● Task to complete:
Exactly and only the lines below from the one containing "3 BHK Supreme 1115 Sq.ft. Carpet Area" down to the one containing "Figure 5. From" are wanted, both included; please exclude every picture.

[Given information]

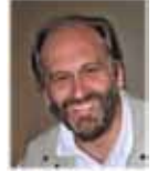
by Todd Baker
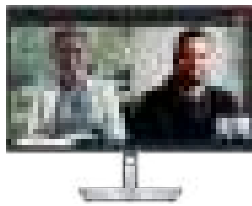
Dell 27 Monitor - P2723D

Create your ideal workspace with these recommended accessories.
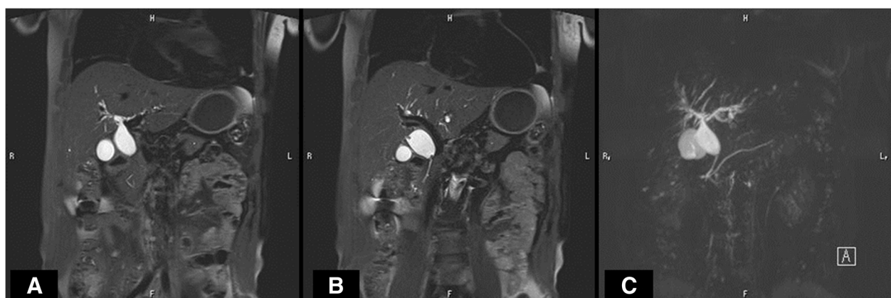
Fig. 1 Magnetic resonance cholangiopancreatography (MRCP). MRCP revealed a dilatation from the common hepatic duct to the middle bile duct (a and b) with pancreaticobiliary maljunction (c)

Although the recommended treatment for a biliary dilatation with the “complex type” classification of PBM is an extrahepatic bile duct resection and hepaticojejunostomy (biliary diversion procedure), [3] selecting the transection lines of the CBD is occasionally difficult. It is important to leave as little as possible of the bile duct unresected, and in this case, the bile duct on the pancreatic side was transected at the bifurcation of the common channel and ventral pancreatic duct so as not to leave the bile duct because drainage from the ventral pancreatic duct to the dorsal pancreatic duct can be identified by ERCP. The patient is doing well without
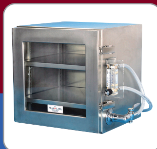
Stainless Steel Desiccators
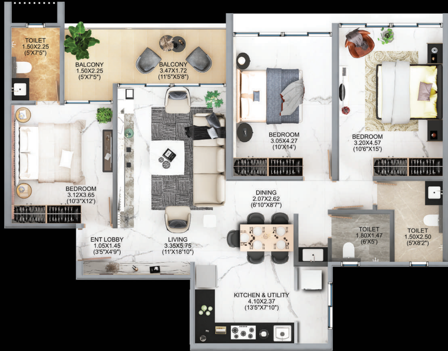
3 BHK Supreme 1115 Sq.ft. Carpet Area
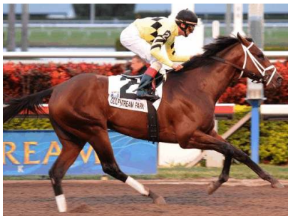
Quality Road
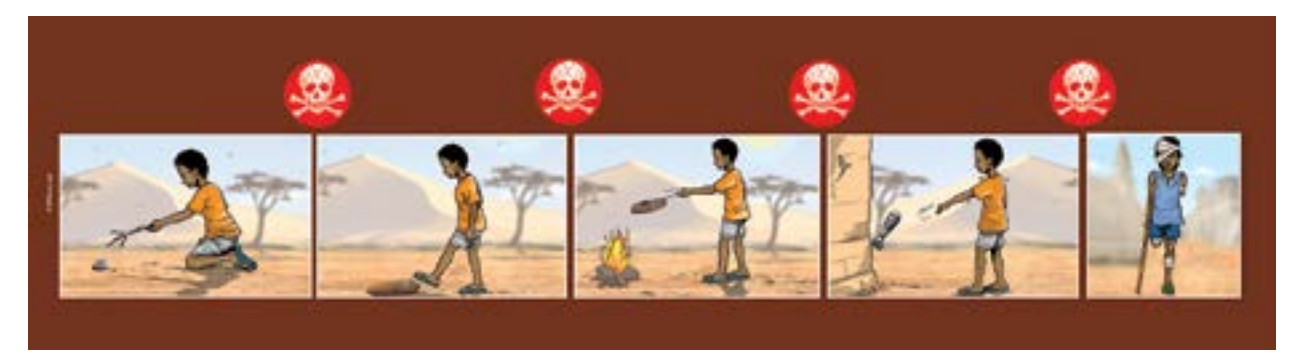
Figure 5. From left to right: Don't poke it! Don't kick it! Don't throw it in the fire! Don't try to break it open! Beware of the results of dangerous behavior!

[/Given information]
[Given information]

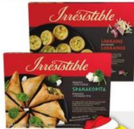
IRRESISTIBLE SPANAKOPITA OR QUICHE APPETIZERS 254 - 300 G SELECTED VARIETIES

[/Given information]

● Expected output:
3 BHK Supreme 1115 Sq.ft. Carpet Area
Quality Road
Figure 5. From left to right: Don't poke it! Don't kick it! Don't throw it in the fire! Don't try to break it open! Beware of the results of dangerous behavior!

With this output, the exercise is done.